Problem description: Check every line of the records below for the string "that", then report only how many lines have it.

Material provided:
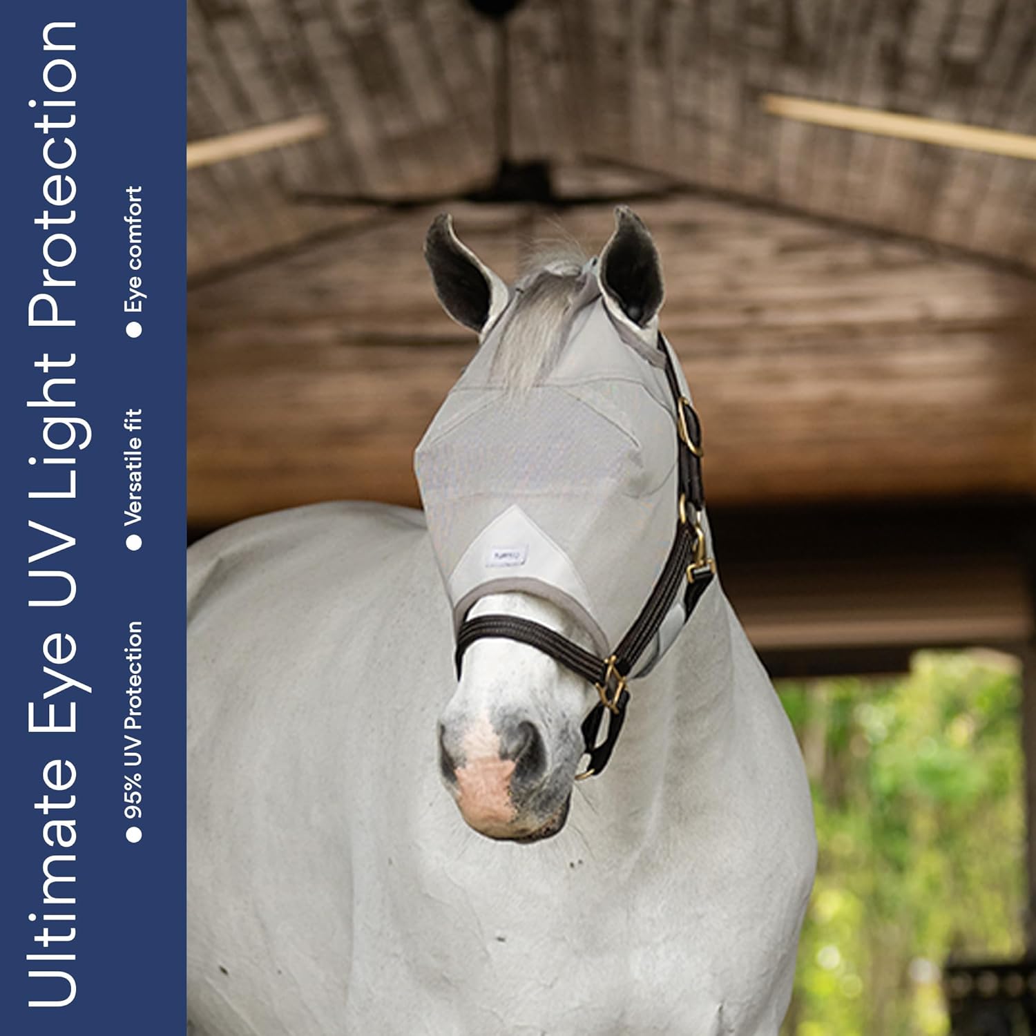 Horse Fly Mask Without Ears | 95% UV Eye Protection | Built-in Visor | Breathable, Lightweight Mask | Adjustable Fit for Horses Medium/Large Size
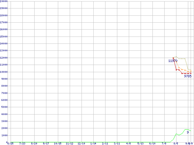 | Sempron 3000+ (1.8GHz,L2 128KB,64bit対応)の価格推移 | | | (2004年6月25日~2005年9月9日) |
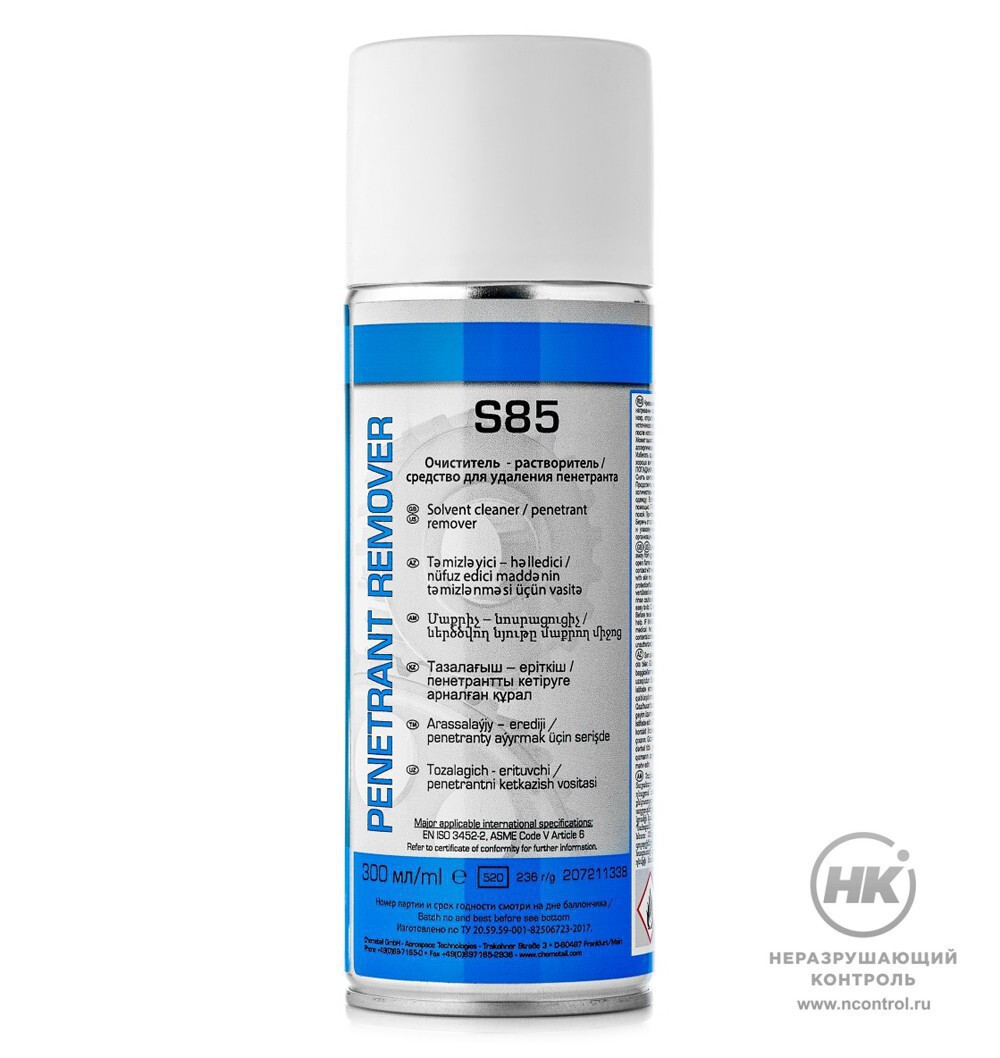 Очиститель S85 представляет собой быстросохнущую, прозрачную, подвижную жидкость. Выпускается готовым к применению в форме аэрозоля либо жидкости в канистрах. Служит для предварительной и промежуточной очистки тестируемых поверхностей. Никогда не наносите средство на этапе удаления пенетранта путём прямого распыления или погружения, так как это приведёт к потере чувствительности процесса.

...

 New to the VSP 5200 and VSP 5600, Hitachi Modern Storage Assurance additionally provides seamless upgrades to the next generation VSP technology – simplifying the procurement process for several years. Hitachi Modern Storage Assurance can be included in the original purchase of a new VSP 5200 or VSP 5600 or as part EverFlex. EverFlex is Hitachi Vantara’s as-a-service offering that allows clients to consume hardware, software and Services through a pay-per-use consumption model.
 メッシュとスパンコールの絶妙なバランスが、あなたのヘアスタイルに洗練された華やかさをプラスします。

--

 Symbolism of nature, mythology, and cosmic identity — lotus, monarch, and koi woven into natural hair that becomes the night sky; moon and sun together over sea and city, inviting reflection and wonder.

Answer area: 2